Connect — The React frontend authenticates via Cognito and opens a WebSocket to the FastAPI backend, passing the selected pipeline and language.
Capture — The browser captures microphone audio at 16 kHz, encodes it as base64 PCM16, and streams it to the backend over WebSocket.
Process — The backend runs a Pipecat pipeline: STT → LLM (Bedrock) → TTS (or Nova Sonic for end-to-end speech-to-speech). Silero VAD handles turn-taking, and Strands Agents enable tool use.
Respond — Generated audio is streamed back to the frontend, played via an AudioWorklet, and used to drive the visualizations.
Interrupt — If the user speaks mid-response, VAD triggers an interruption that stops playback immediately.

Prerequisites

Required Tools for Development & Deployment

Python 3.12+ with pip
Node.js 22+ with npm
AWS CLI configured with appropriate credentials
AWS CDK (npm install -g aws-cdk)
Docker (for local testing and CDK deployments)
Git

AWS Account Requirements

Active AWS account with admin permissions
Development machine with above tools installed or optionally create a new Ubuntu EC2 machine and install above tools

Other Requirements

Smallest.ai API Key (alternative to AWS STT/TTS)

Setting up

In your AWS account, create a Bedrock knowledgebase and a secret in the Secret manager. AWS CLI command to create secret for Smallest.ai

aws secretsmanager create-secret \
    --name "smallest_key" \
    --description "Smallest.ai API key for TTS/STT" \
    --secret-string "sk_your_actual_api_key_here" \
    --region ap-south-1

Clone this repo to an Ubuntu machine.
Update the infra/cdk.json with the knowledgebase ID and secret name.

Install frontend dependencies and deploy the infrastructure.

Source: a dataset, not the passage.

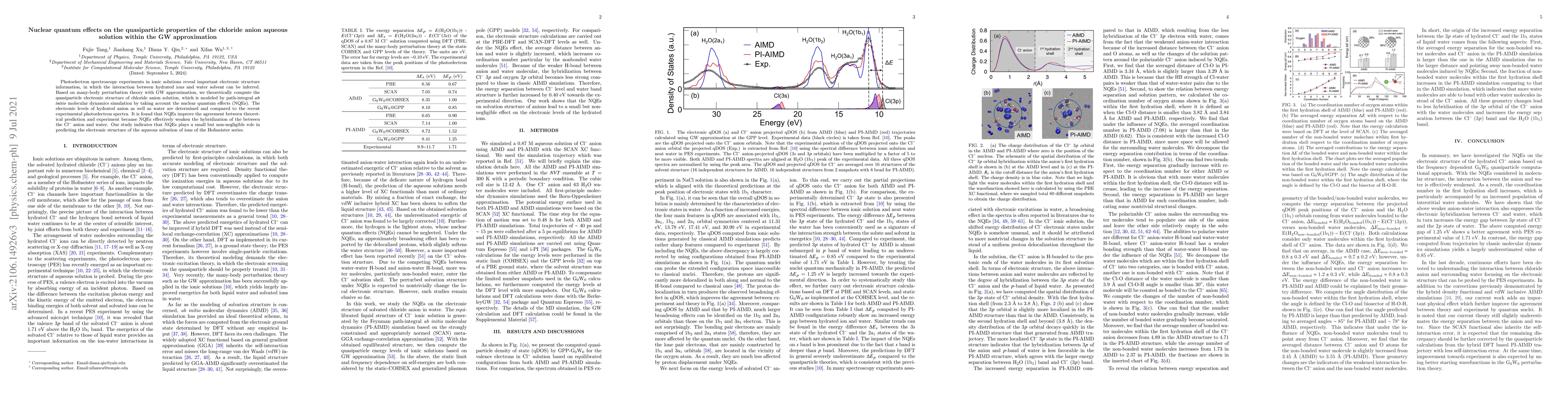 Photoelectron spectroscopy experiments in ionic solutions reveal important electronic structure information, in which the interaction between hydrated ions and water solvent can be inferred. Based on many-body perturbation theory with GW approximation, we theoretically compute the quasiparticle electronic structure of chloride anion solution, which is modeled by path-integral $ab$ $initio$ molecular dynamics simulation by taking account the nuclear quantum effects (NQEs). The electronic levels of hydrated anion as well as water are determined and compared to the recent experimental photoelectron spectra. It is found that NQEs improve the agreement between theoretical prediction and experiment because NQEs effectively weaken the hybridization of the between the $\rm Cl^-$ anion and water. Our study indicates that NQEs plays a small but non-negligible role in predicting the electronic structure of the aqueous solvation of ions of the Hofmeister series.

# Install frontend dependencies
cd frontend
npm install

# Deploy the infrastructure (automatically builds frontend)
cd ../infra
pip install -r requirements.txt
cdk deploy

In your AWS account, find the Cognito Userpool created by the above deployment and add a user.
In your browser, access the endpoint given by the deployment command above and login with the user you just created.

Customizing

To change the behaviour of the bot, you can edit the prompt and the set of tools in the backend/usecase.py file. You may also want to load the rigth set of files into the Bedrock knowledgebase for the bot to answer correctly based on facts. Remember to re-deploy after your changes.

Tearing down

In your AWS account, delete the Bedrock knowledgebase and the secret in the Secret manager.
Run the following commands to remove the backend.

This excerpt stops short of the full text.